Tuesday, 1 November 2016

A Day in the Life of Deputy Sam Mézec - Town Crier


This month's edition of the St Helier Parish magazine, the Town Crier, features an article about what I get up to on the job!

It's available in outlets across town, but here's a copy for those who miss it.


________________________________________________________________________________




So what is a typical day in the life of a States Member actually like? Well, the short answer is that there is no such thing!

I guess that is partly why I enjoy being a Deputy, because there is always a new challenge on the horizon or a new controversy brewing which must be dealt with, which keeps the job exciting and keeps me motivated.

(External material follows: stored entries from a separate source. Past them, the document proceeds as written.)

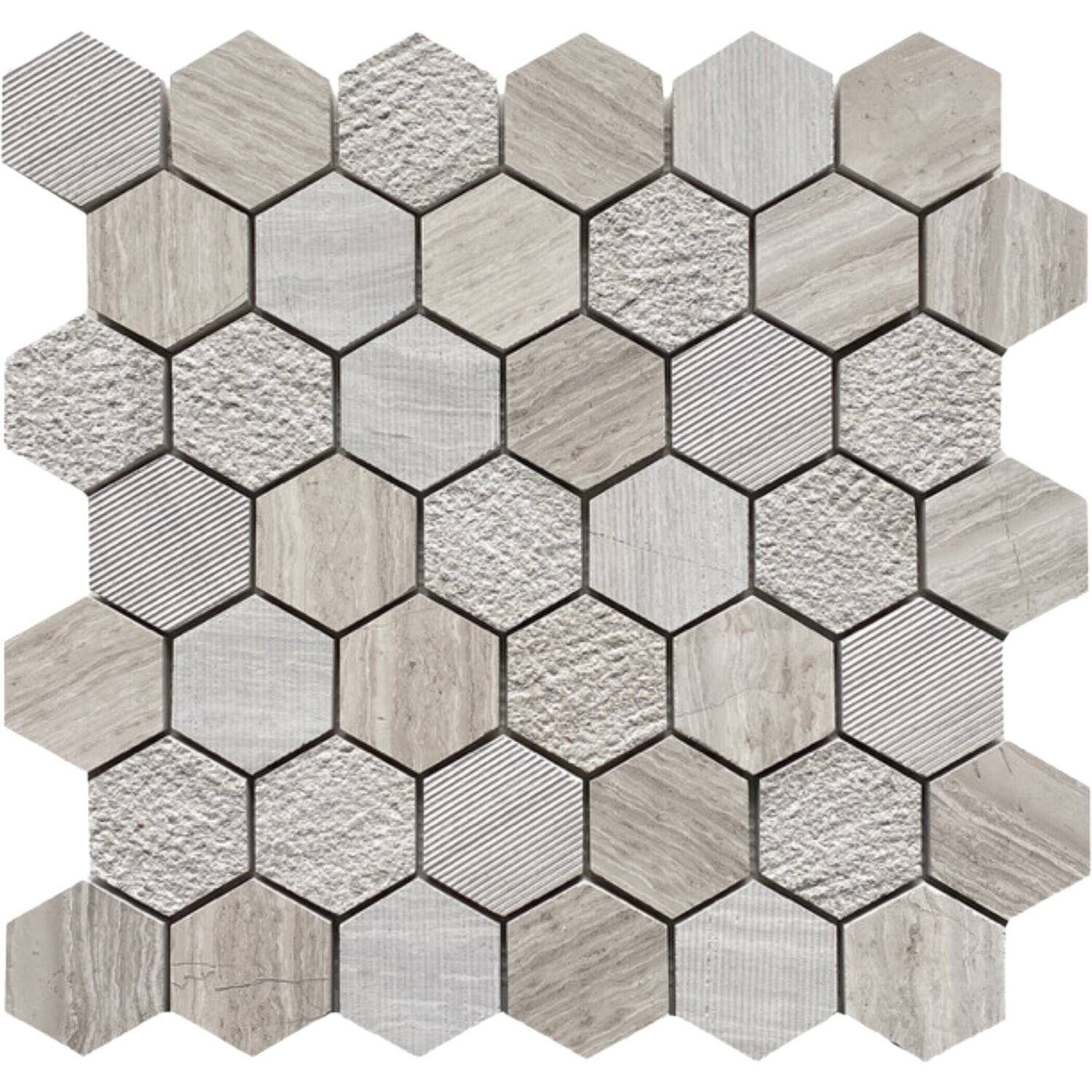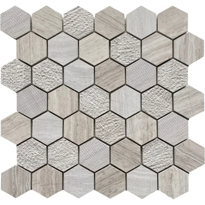 Soci tile SSH-411 Classic Series Textured Hexagon Wooden White Matte 2 inch Mosaic Tile
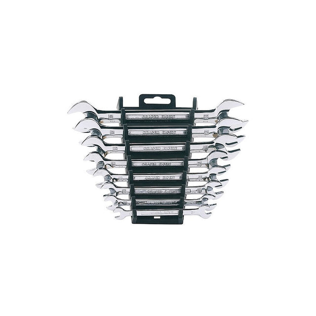 Forged from chrome vanadium steel hardened, tempered, chrome plated and fully polished. Open ends set at 15. Supplied on wall mountable plastic rack. To DIN3110.
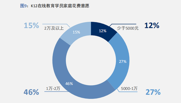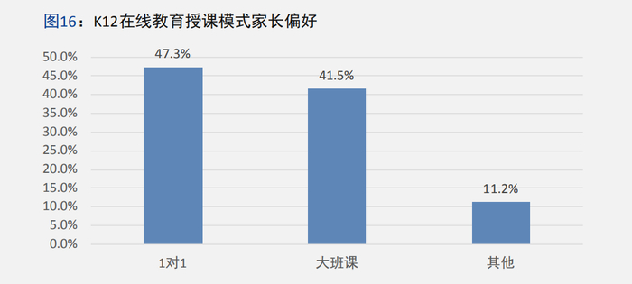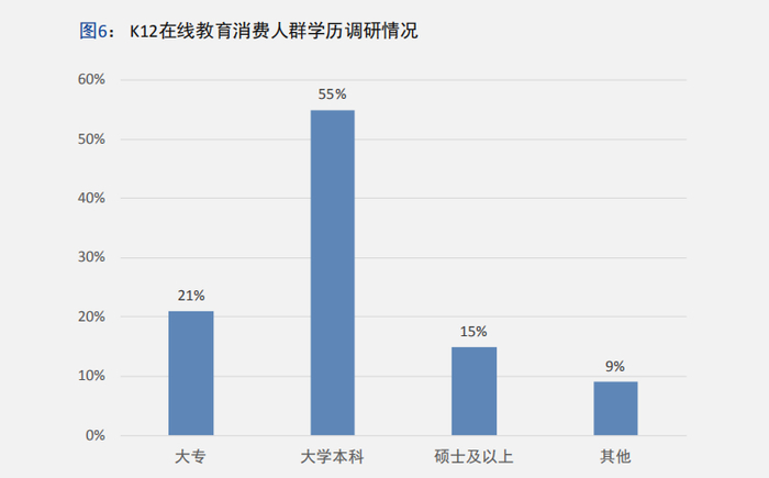 通过《报告》对受访家长的学历调研可以发现,K12在线教育用户的受教育程度普遍较高,有70%的家长拥有本科及以上学历,大专学历占比21%,其他占比仅为9%。这一数据同时也意味着接受过高等教育的父母,对子女的教育越重视,也越能接受在线教学的形式。
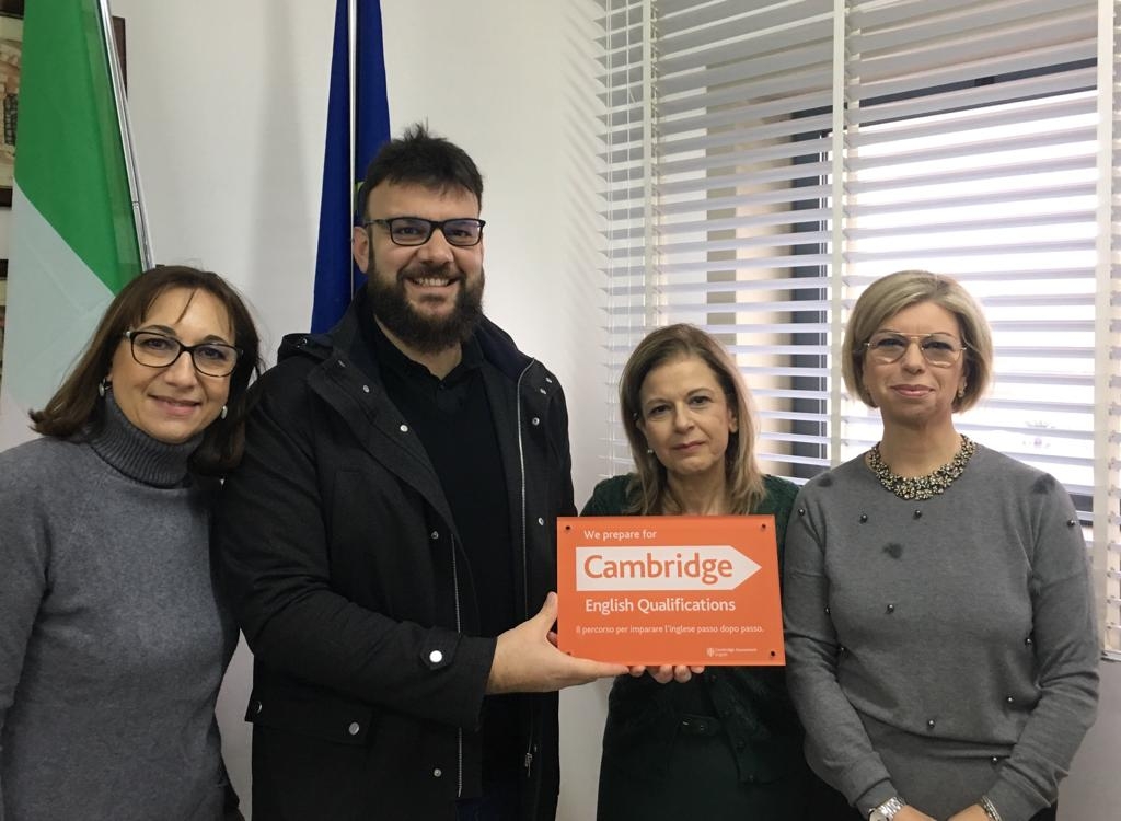 Le statistiche pubblicate da Cambridge riguardanti gli esiti degli studenti del liceo “De Sanctis Galilei” evidenziano che più della metà degli alunni ha conseguito competenze superiori rispetto al livello dell’esame sostenuto. I risultati ottenuti documentano lo zelo, la costanza e la passione degli studenti liceali che si sono cimentati nelle prove, ma riflettono allo stesso tempo la competenza e il rigore didattico-metodologico dei docenti che seguono gli allievi nella preparazione, supportati dalla prof.ssa Concetta Magda Bucci, referente di istituto per le certificazioni linguistiche. Cambridge ha così voluto onorare e premiare il liceo “De Sanctis Galilei” per l’impegno profuso, conferendo la prestigiosa targa onoraria di Cambridge English Exam Preparation Centre, consegnata ufficialmente al dirigente scolastico Maria Maddalena Di Maglie, da parte di Giuseppe Porro, collaboratore della scuola Accento LIC di Martina Franca, Centro Cambridge di riferimento per il liceo manduriano.

But the one thing which is the same for me every day is that I get to start the morning by walking through the heart of St Helier No. 2 where I live, through the Millennium Park and get to stop and chat to constituents, often friendly words of support but also keeping me up to date on the local issues in the area.

The park is always packed with people enjoying the open space, playing football or taking their kids to the playground. I will continue to put pressure on the Council of Ministers to keep their promise to improve life in St Helier by purchasing the Gas Works site so we can extend the park and provide more open space in the most densely populated part of town.

The most important duty of a States Member is to attend debates in the States Assembly and represent our constituents. I think I’m a very active States Member in the chamber. I regularly bring propositions to try to achieve my manifesto pledges and ask more questions than most other States Members put together to hold the government to account. I think the majority of people in St Helier are dissatisfied with how the Council of Ministers is letting our Island down, so I try to give a voice to those people who want to see the government of Jersey deliver something much better than we are currently getting.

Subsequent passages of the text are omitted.